The American Civil Liberties Union, coming fresh off a victory over the Trump administration’s family separation policy, is once again filing a lawsuit against the government for deliberately preventing thousands of immigrants from seeking asylum. The complaint, filed on behalf of 12 immigrants from Central American countries, seeks to put a stop to the government’s new screening policies and hopes to persuade the judge that the administration is committing asylum fraud. According to the ACLU, the Department of Homeland Security is manipulating the fast-track removal system, created under President Clinton in 1996, in order to block worthy asylum seekers from getting a full hearing in immigration court. They claim that this change in policy violates numerous laws and statutes, not to mention the separation-of-powers principles outlined in the Constitution.
In order to successfully apply for asylum, migrants have to demonstrate a fear of persecution in their home country based on their inclusion in a certain social category such as race, nationality, or political opinion. Up until recently, victims of domestic violence and related abuse could also claim persecution related to membership “in a particular social group”, meaning their marriage or relationship to their abuser. But in June of this year, Attorney General Jeff Sessions overturned a Board of Immigration Appeals court cause that had granted asylum to a Salvadoran woman under this criterion. Attorney General Sessions stated in his opinion that most cases featuring victims of gang and/or domestic violence would no longer be grounds for asylum.

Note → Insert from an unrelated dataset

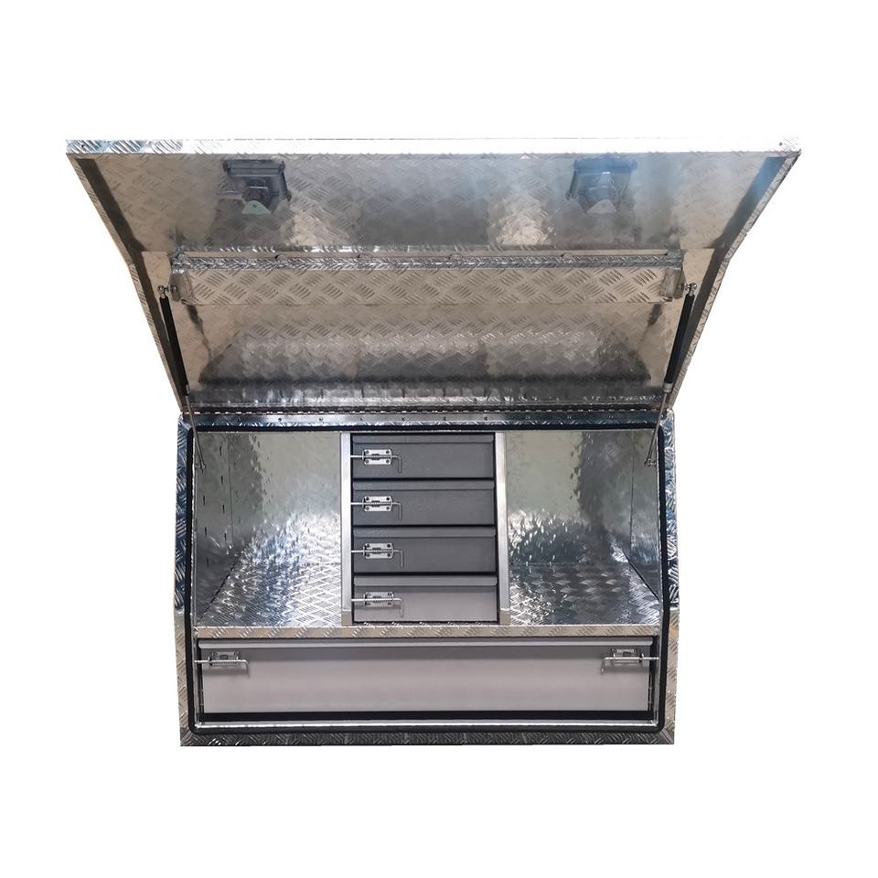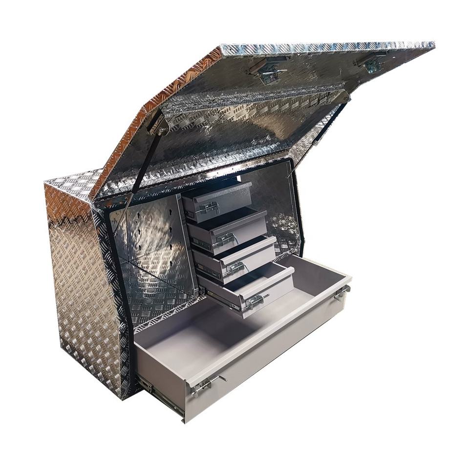 Boîte à outils camion de rangement, plaque de damier en Aluminium avec ouverture latérale, coffre à outils
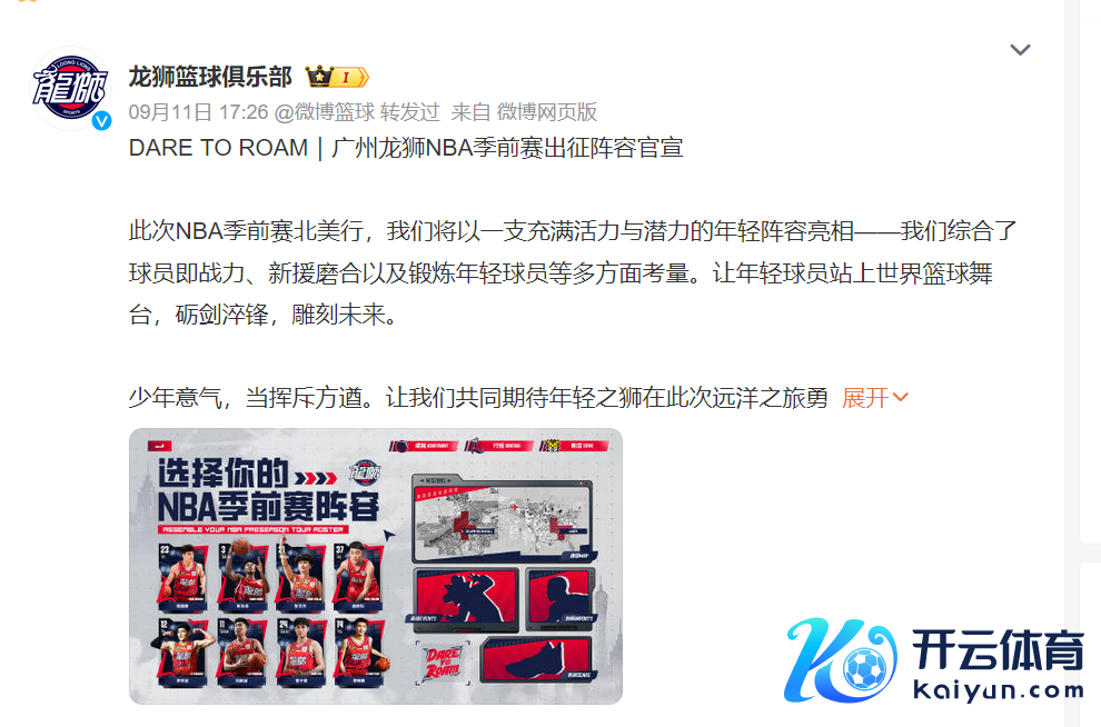 昨天开云体育,CBA广州龙狮男篮发布了球队缔造NBA季前赛的原土球员大名单,共8位:

Only a month after Sessions’ ruling, the Justice Department issued new screening policies that placed migrants in fast-track deportation proceedings called “expedited removal”. As a result, a record number of asylum applicants are failing their initial “credible fear” interviews, despite having clear evidence of danger and potential death if they return to their home countries. According to statistics released by Syracuse University, only 14.7 percent of asylum seekers have passed their initial review in 2018 so far. This is a marked drop from approval levels in the second half of 2017, which were nearly twice what they are now. The ACLU, as well as other immigration attorneys and advocates, see this shift as evidence that the Trump administration is trying to reduce the number of people granted asylum by limiting the conditions by which it is granted.
The ACLU has called the Trump administration’s new screening policies “an assault against longstanding elements of U.S. asylum law”, in direct violation of the separation of powers principles in the Constitution. The government is doing so in order to overturn decades of settled asylum law, so that they can set up worthy asylum seekers to fail their credible fear interviews and be deported back to their home countries, where many of them face the all too real prospect of violent harm or even death.